16 is a cross-sectional view taken along section III-III in FIG. 17, showing a state in which the resin-sealed semiconductor device is set in a mold before resin sealing according to the sixth embodiment.

FIG. 17 is a cross-sectional view taken along section II-II in FIG. 16, showing a state in which the resin-sealed semiconductor device is set in a mold before resin sealing according to the sixth embodiment;

18 relates to a conventional resin-encapsulated semiconductor device and is a cross-sectional view taken along the line II in FIG.

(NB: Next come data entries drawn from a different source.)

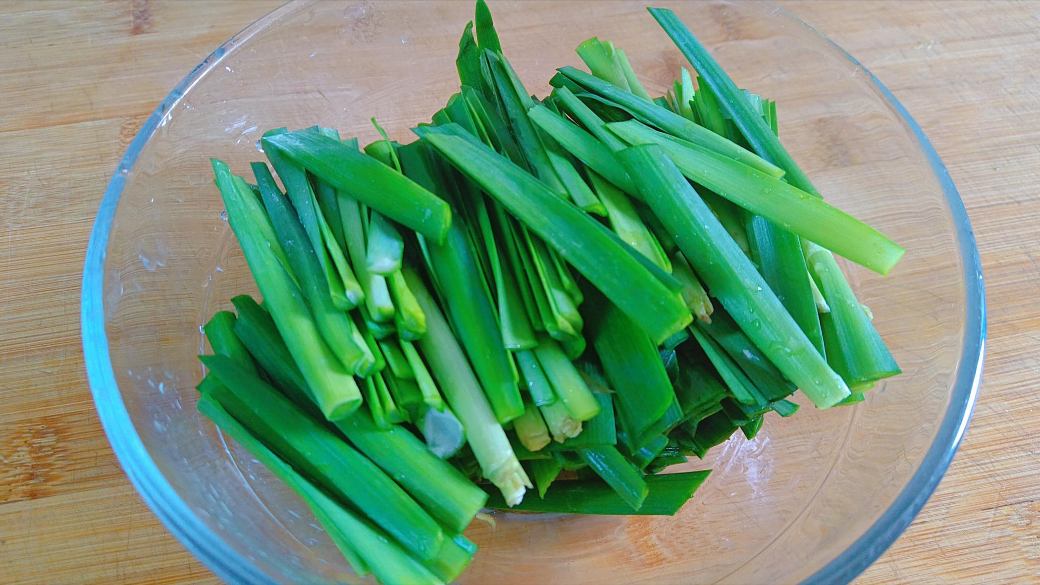 3、韭菜1把洗淨,晾乾水分切成小段兒。
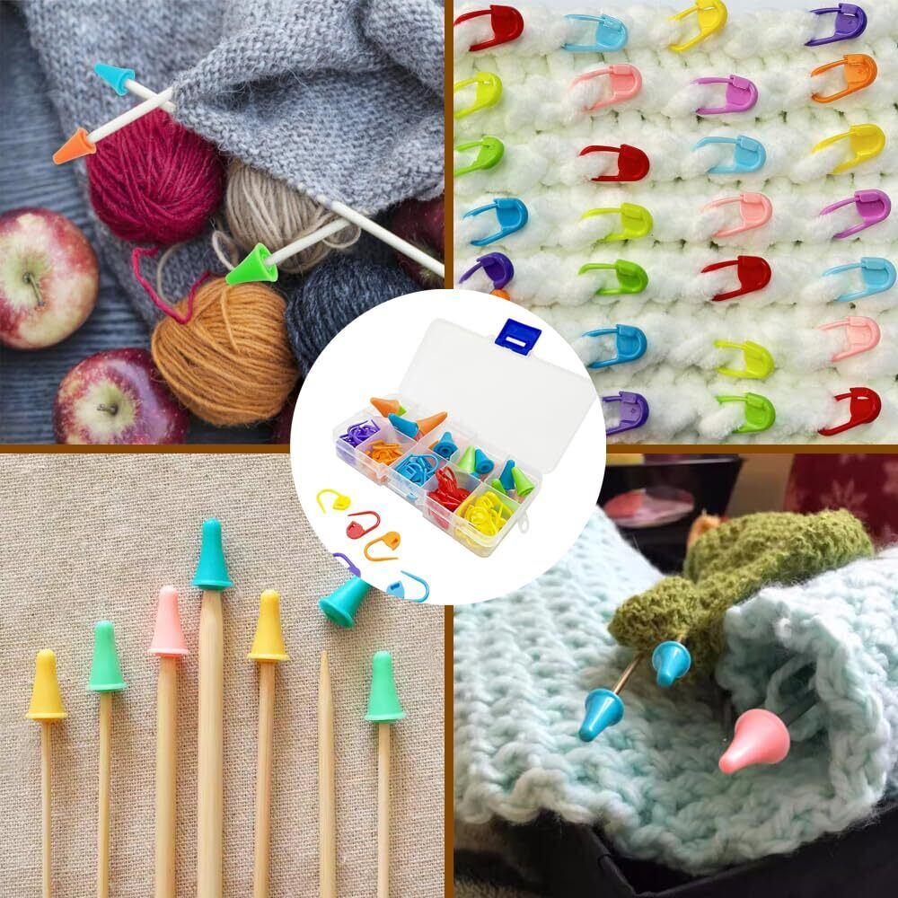 【特価セール】編み針キャップ 段数マーカー 編み物 2サイズ 81個セット ランダムカラー 棒針キャップ 安全ピン 編み針ポイントプロテクター 段数リング 針ポイントプロテクター ステッチマーカー カラフル 収納ケース付き 手芸基本入門キット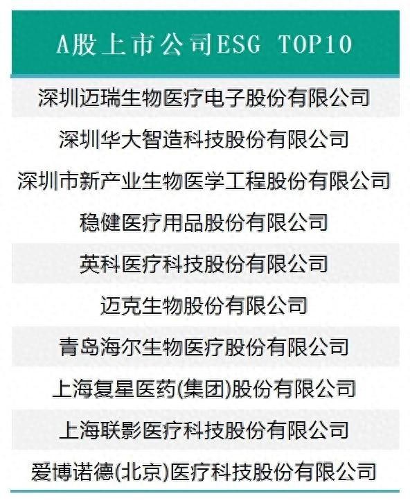 中國醫(yī)療器械A(chǔ)股上市公司ESG TOP10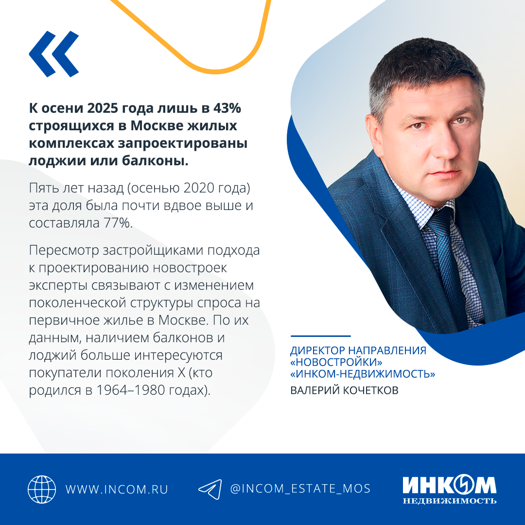 К осени 2025 года лишь в 43% строящихся в Москве жилых комплексах запроектированы лоджии или балконы. Пять лет назад (осенью 2020 года) эта доля была почти вдвое выше и составляла 77%, подсчитали аналитики агентства «Инком-Недвижимость».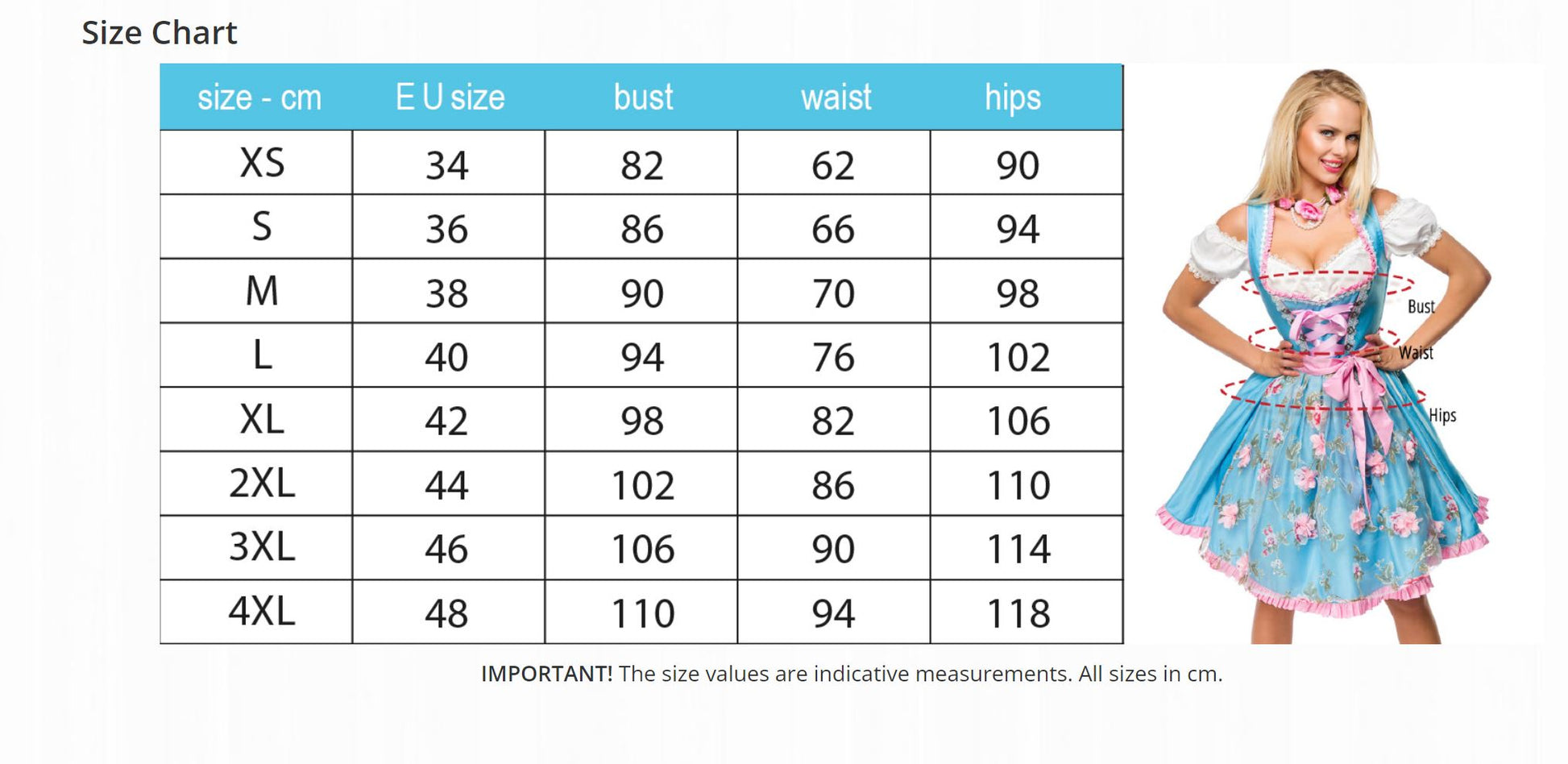 Celebrate in true Bavarian style with the Dirndl “Alpenrose Festlich”. This 3-piece set includes a cotton–polyester dress with embroidery, a detachable red satin apron, and a classic white blouse. The green ribbon lacing adds a charming contrast, while the lace-trimmed hem completes the traditional look.

19 relates to a conventional resin-encapsulated semiconductor device, and is a bottom view of the resin-encapsulated semiconductor device of FIG. 18 as viewed from the back.

[Explanation of symbols]

 DESCRIPTION OF SYMBOLS 1 Semiconductor element 5 Heat sink 6 Clamp area 7 Soldering area 8 Groove 9, 10 Die 14 Resin body 23 Air vent

──────────────────────────────────────────────────の Continued on the front page (51) Int.Cl. ⁷ Identification symbol FI Theme coat ゛ (Reference) H01L 23/28 H01L 23/28 B // B29L 31:34 F term (Reference) 4F202 AA39 AD19 AH33 AM33 CA12 CB01 CB12 CK41 CK83 CP01 CQ01 CQ05 4F206 AA39 AD19 AH37 AM33 JA02 JB17 JF05 JQ81 4M109 AA01 BA01 CA21 DA07 DB03 FA04 GA05 5F061 AA01 BA01 CA21 DA06 DD12 EA02 EA03 5F067 AA09 AB02 BD05 CA03 EA04 DE03

Claims (2)

[Claims] In a resin-sealed semiconductor device in which a semiconductor element is fixed to a radiator plate and sealed in a resin body with a resin, a surface of the radiator plate that is exposed without being resin-sealed is provided with a mold. Resin sealing characterized by forming a clamp area to be clamped by a mold at the time of molding and a soldering area fixed by solder or conductive paste, and forming a groove in the clamp area formed on the heat sink. Semiconductor device. 2. The resin-encapsulated semiconductor device according to claim 1, wherein an air vent is formed between an edge of the clamp region formed on the heat sink and the groove.